My fear is that there is an expectation of success that must be disproportionate to the funding effort or there will be buyers’ remorse for the funding increase. As is, a lot of pro-education legislators took political beatings for being “pro-tax.”
Our competition are not standing still either. Other states are addressing their teachers’ pay as well. Strong teacher-led movements are pulling state legislatures toward properly funding students’ education needs.
So I guess the answer to your question was some effects should have been immediate (fewer retirements), while others will not hit until next year when the first of the four-year education majors graduate under the promise of better funded teaching positions.
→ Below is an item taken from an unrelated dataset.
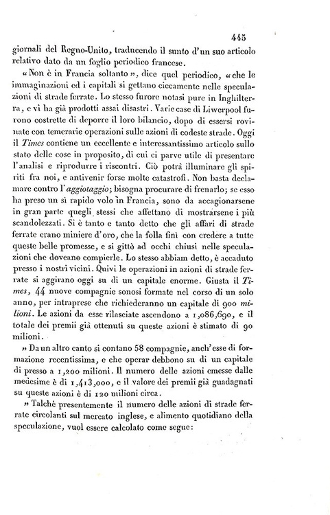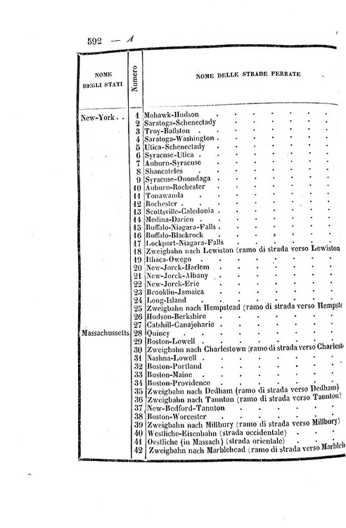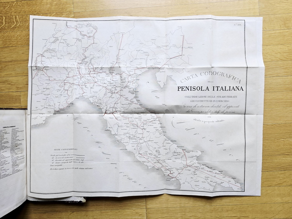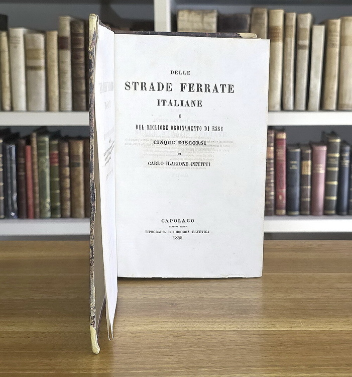 Cm. 22,5, pp. 652. Ripiegata in fine la grande cartina incisa su rame intitolata "Carta corografica della Penisola Italiana coll'indicazione delle Strade Ferrate già costruite ed in esercizio, in corso di costruzione, decretate ed approvate dai Governi per i relativi studj di perizia od ideate o proposte soltanto". Bella legatura strettamente coeva in mezza pelle con titoli, fregi e filetti in oro al dorso. Piatti in carta marmorizzata e piccole punte in pergamena. Trascurabili segni del tempo alla legatura e lievi/usuali fioriture, peraltro esemplare nel complesso fresco e ben conservato. Rara e ricercata prima edizione di questo volume del celebre statista ed economista piemontese Carlo Ilarione Petitti conte di Roreto (1790-1850), uno dei più rilevanti studi sulle ferrovie pubblicati in Italia nel corso dell'Ottocento. "His work on Italian railways, in which he studied the organisation of railways thorughly, giving many useful statistics, was of great importance in Italy, as a first example of this kind of investigation" (Palgrave). "Il conte Petitti, acceso e convinto sostenitore del progresso civile ed economico del Piemonte e ardente propugnatore delle costruzioni ferroviarie nelle quali vedeva uno strumento di unificazione nazionale, scrisse questa sua vasta opera probabilmente per suggerimento del Re" (Caddeo, Le edizioni di Capolago). Cfr. Iccu; Bibliografia ferroviaria italiana; Caddeo, nr. 379; Einaudi, III, A.631. L'opera è stata ripubblicata in Carlo Ilarione Petitti di Roreto, Opere scelte, a cura di Gian Mario Bravo, Torino, Fondazione Luigi Einaudi, 1969, II, pp. 7-598.

Democrats Want To Boost School Funding To Address Teacher Walkouts
https://www.huffingtonpost.com/entry/democrats-school-funding-teacher-walkouts_us_5b043ff3e4b0740c25e5c2d8
kristie wants to make : “prioritizing education programs that produce job-holders, not just degree-holders;”…her genius in education. sounds cheaper than paying for well educated teachers.
“Local healthcare providers have been relentless in expanding access ” but she and Trump want to tube the ACA which healthcare providers support!!!???
she has tribes fooled into believing she is on their side. that is a voting block Billie MUST penetrate.